Start of Material for the task

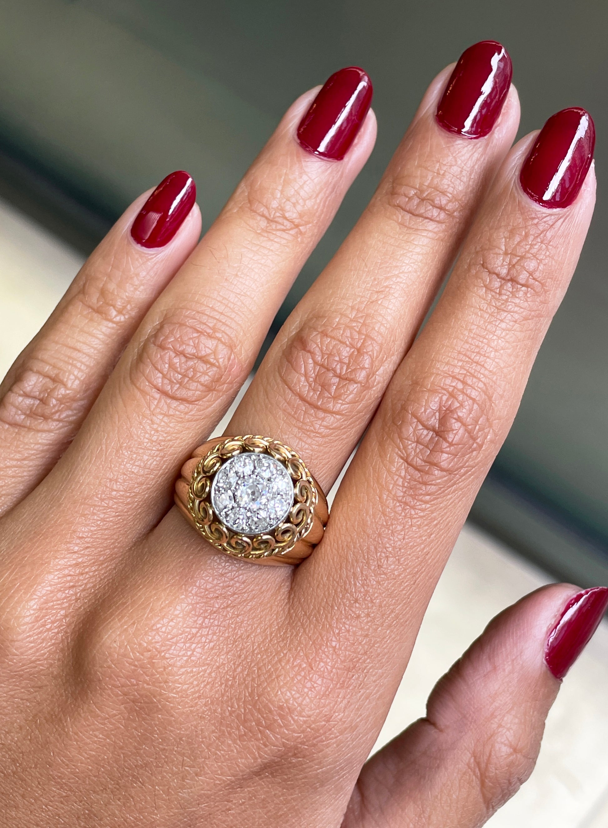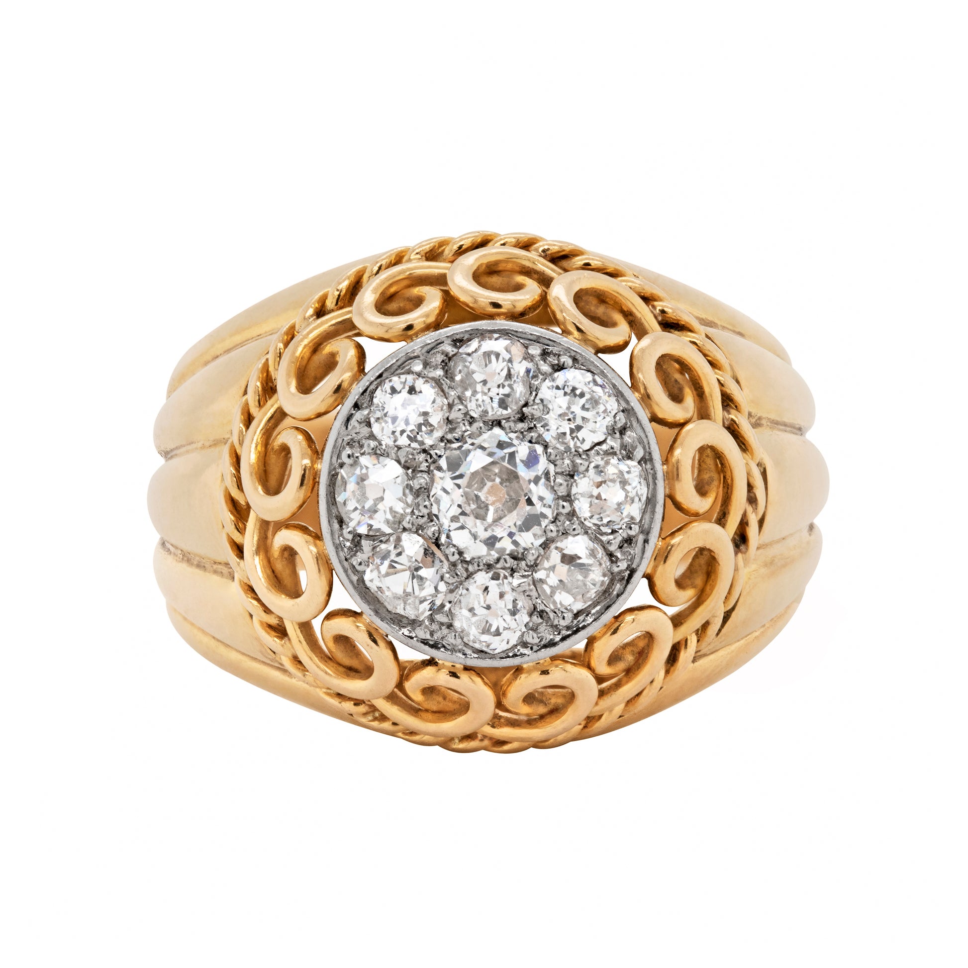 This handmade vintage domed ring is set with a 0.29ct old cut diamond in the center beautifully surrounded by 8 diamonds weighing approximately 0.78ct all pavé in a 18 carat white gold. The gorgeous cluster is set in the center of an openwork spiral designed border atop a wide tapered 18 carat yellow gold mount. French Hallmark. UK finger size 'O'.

End of Material for the task
Start of Material for the task

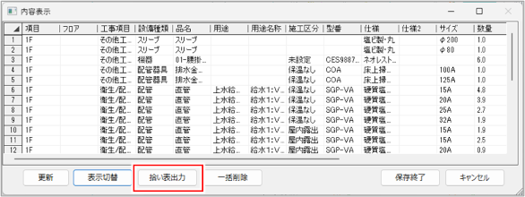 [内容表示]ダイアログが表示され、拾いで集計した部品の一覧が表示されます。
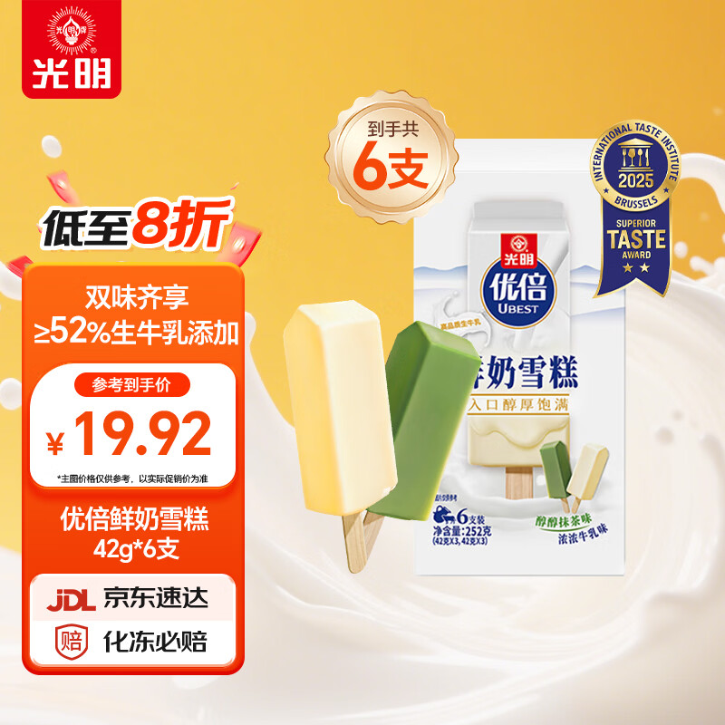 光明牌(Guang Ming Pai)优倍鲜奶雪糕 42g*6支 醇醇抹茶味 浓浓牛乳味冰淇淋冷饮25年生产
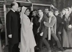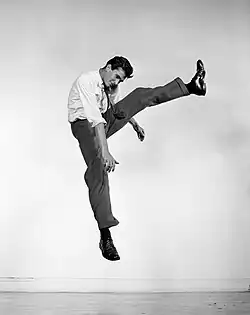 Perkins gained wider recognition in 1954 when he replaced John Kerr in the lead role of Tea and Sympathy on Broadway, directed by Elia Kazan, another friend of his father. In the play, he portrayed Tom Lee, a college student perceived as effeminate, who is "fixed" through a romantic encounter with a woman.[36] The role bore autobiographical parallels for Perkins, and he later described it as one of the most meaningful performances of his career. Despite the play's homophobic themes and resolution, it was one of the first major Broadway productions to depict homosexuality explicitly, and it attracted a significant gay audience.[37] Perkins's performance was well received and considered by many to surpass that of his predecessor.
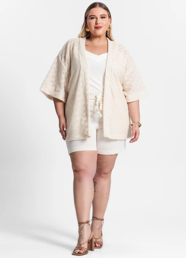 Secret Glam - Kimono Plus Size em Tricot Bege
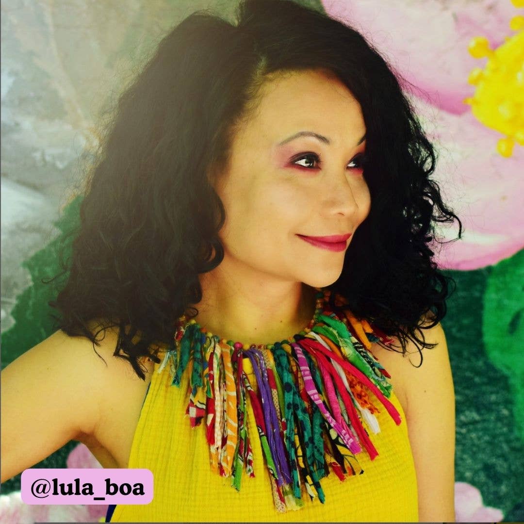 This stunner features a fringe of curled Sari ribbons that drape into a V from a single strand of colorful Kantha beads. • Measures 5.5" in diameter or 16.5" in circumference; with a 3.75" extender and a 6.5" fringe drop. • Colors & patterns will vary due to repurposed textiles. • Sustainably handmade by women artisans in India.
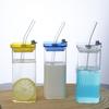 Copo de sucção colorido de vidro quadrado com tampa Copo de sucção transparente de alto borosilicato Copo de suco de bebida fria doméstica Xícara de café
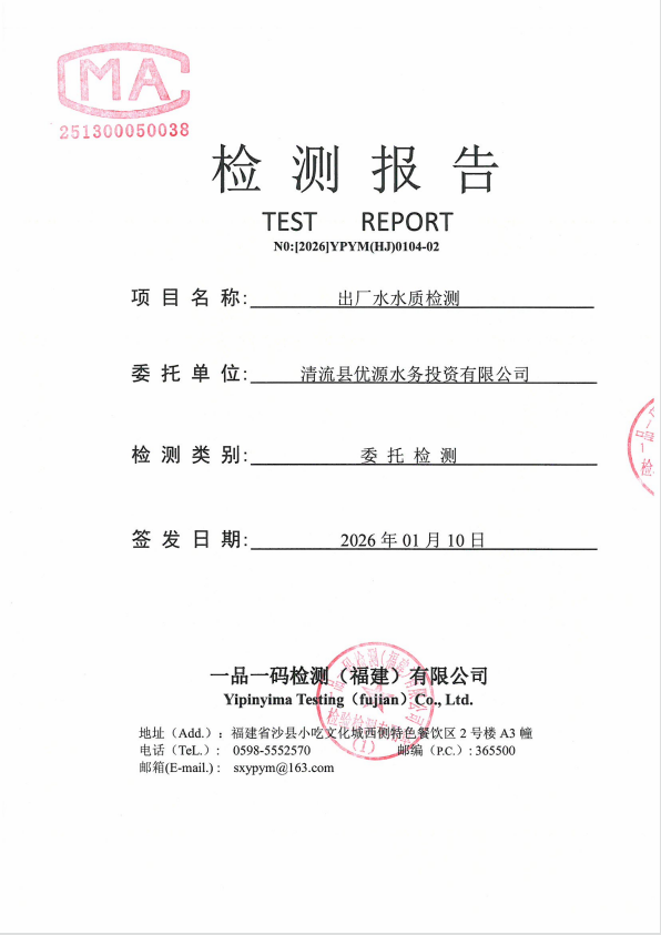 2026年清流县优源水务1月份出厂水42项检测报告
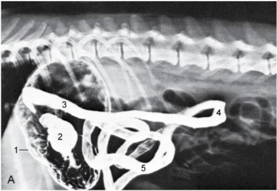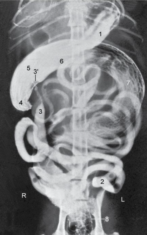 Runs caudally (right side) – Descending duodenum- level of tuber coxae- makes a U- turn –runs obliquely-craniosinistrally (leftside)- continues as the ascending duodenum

End of Material for the task
Start of Material for the task

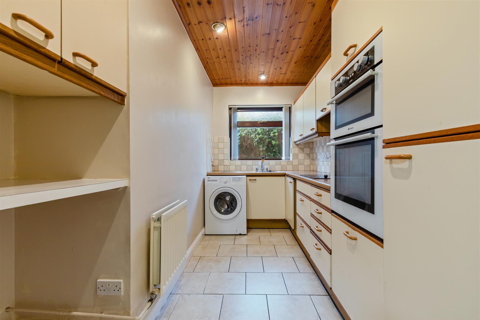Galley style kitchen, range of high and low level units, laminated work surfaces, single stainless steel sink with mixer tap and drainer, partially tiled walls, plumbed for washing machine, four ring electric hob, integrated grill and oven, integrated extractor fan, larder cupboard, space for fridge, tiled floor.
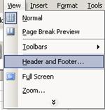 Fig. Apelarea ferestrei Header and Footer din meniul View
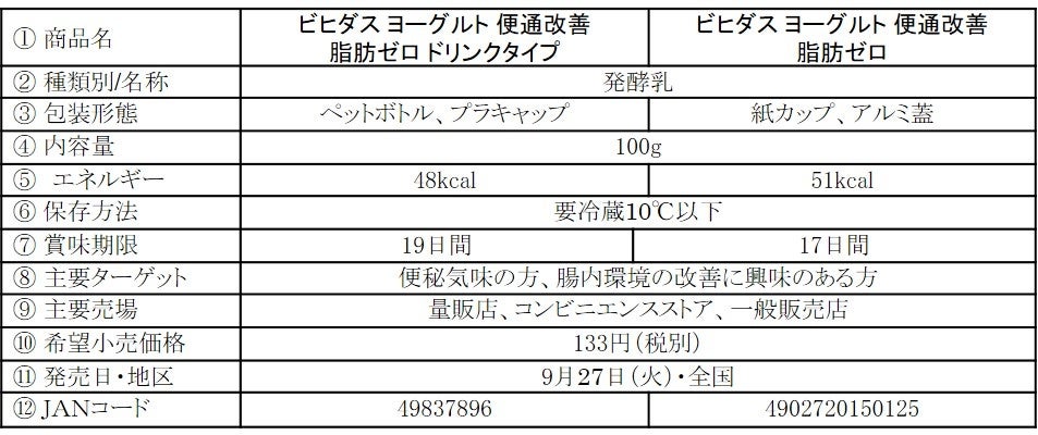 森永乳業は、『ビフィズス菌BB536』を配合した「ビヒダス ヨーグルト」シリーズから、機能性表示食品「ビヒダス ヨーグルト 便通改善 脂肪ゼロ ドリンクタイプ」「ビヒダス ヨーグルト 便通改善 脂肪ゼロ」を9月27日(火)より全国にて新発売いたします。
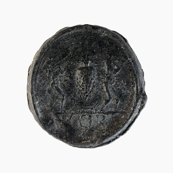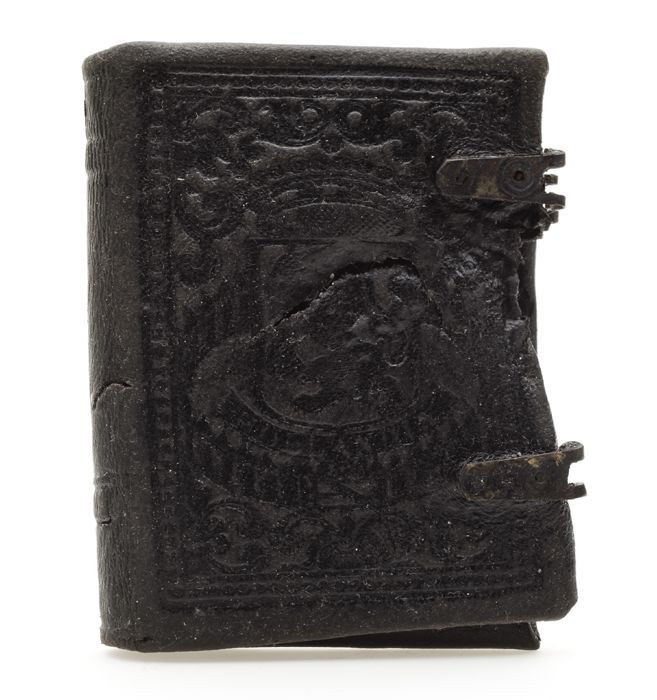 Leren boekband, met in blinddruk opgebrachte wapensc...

End of Material for the task

• [What to produce]:
All that is wanted is the lines above between the one containing "Galley style kitchen, range" and the one containing "Leren boekband, met", inclusive, restated word for word, with pictures omitted.

• [Your solution]:
Galley style kitchen, range of high and low level units, laminated work surfaces, single stainless steel sink with mixer tap and drainer, partially tiled walls, plumbed for washing machine, four ring electric hob, integrated grill and oven, integrated extractor fan, larder cupboard, space for fridge, tiled floor.
 Fig. Apelarea ferestrei Header and Footer din meniul View
 森永乳業は、『ビフィズス菌BB536』を配合した「ビヒダス ヨーグルト」シリーズから、機能性表示食品「ビヒダス ヨーグルト 便通改善 脂肪ゼロ ドリンクタイプ」「ビヒダス ヨーグルト 便通改善 脂肪ゼロ」を9月27日(火)より全国にて新発売いたします。
 Leren boekband, met in blinddruk opgebrachte wapensc...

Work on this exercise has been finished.